Connection Center Evolution and Local Similarity-Based Data Gravitation Integrated Classification Model for Effective Classification of Hyperspectral Images

Suffering from the well-known Hughes phenomenon, hyperspectral image (HSI) classification is still very challenging, which is mainly due to the high-dimensional features of HSIs and relatively limited training samples. To systematically represent the spatial and spectral relationships among the HSI data, a connection center evolution (CCE) and local similarity-based data gravitation integrated classification (CCE-LSDGC) model is proposed for the classification of HSIs. In the first step, the cosine similarity matrix of the labeled samples and their neighboring pixels is integrated with the CCE theory to enlarge the size of the training set.
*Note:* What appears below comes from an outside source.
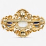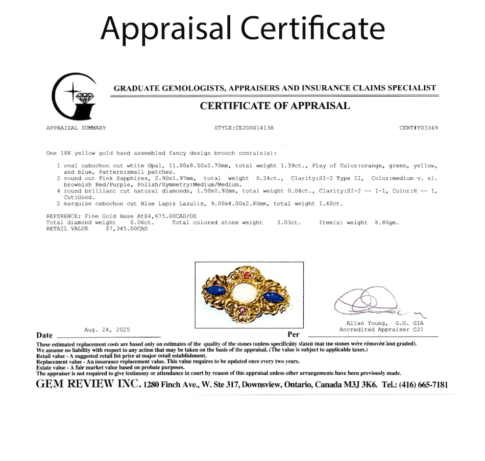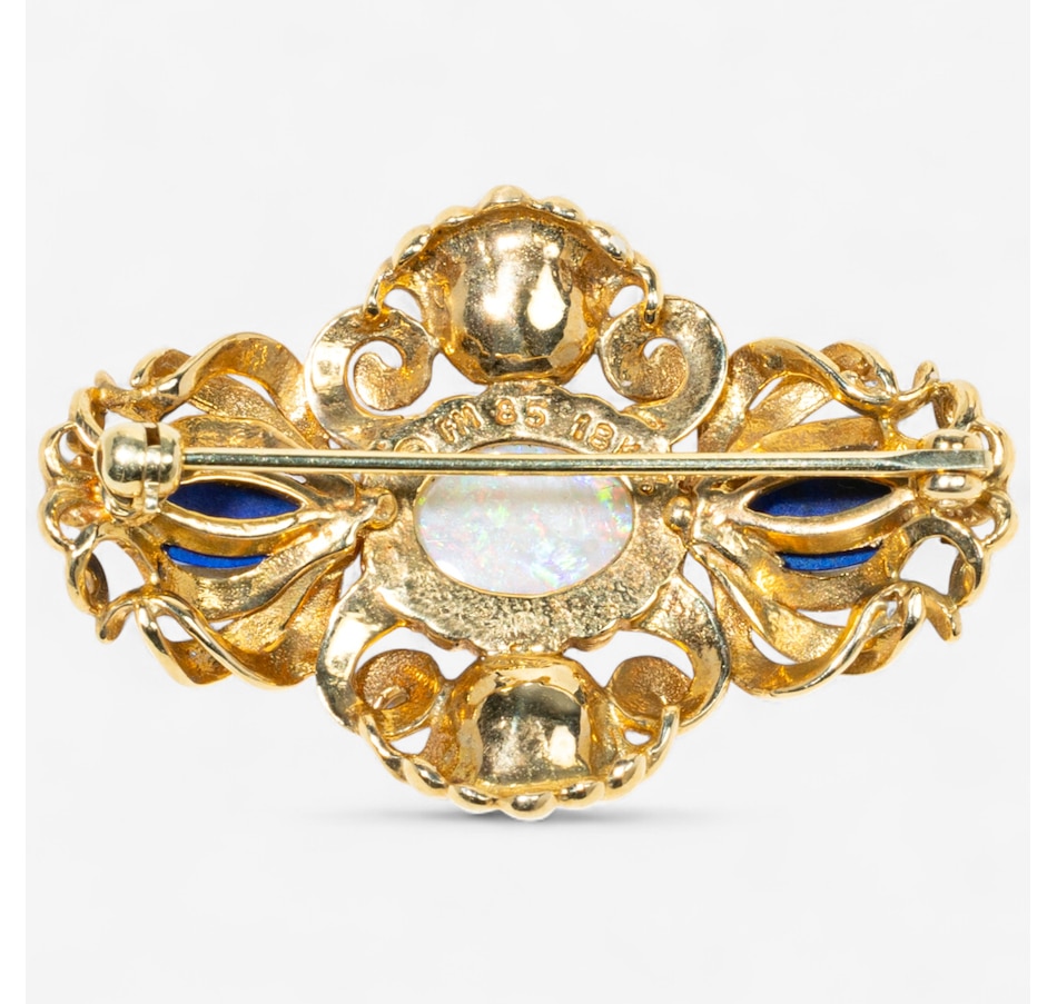 Steeped in ornate artistry and historical elegance, this yellow gold brooch is a masterful example of Byzantine-inspired design, rich with texture, colour, and symbolism. At its heart lies a glowing oval cabochon cut opal, bezel-set horizontally within a delicate scalloped frame, evoking the soft iridescence and ethereal quality so characteristic of the opal’s shifting play-of-colour. Extending along the horizontal axis of the piece are two marquise-shaped cabochon cut lapis lazuli gemstones, one on each side of the central opal.

Then, the cosine similarity matrix of the test pixel and its neighboring pixels is used to define their local spectral and spatial similarity. The similarity is taken as the local mass of neighbors that weight the contribution of different neighbors in a data gravitation model. This effectively alleviates the interference of local heterogeneous pixels and noise. Finally, each test pixel is labeled to the class whose training samples exerted the largest average data gravitation in the local joint region. Comprehensive experiments conducted on two benchmark and two real-world HSIs datasets have verified the superiority of the CCE-LSDGC model compared to a few state-of-the-art deep learning methods. In particular, the proposed method shows high performance on the HSIs with limited training samples.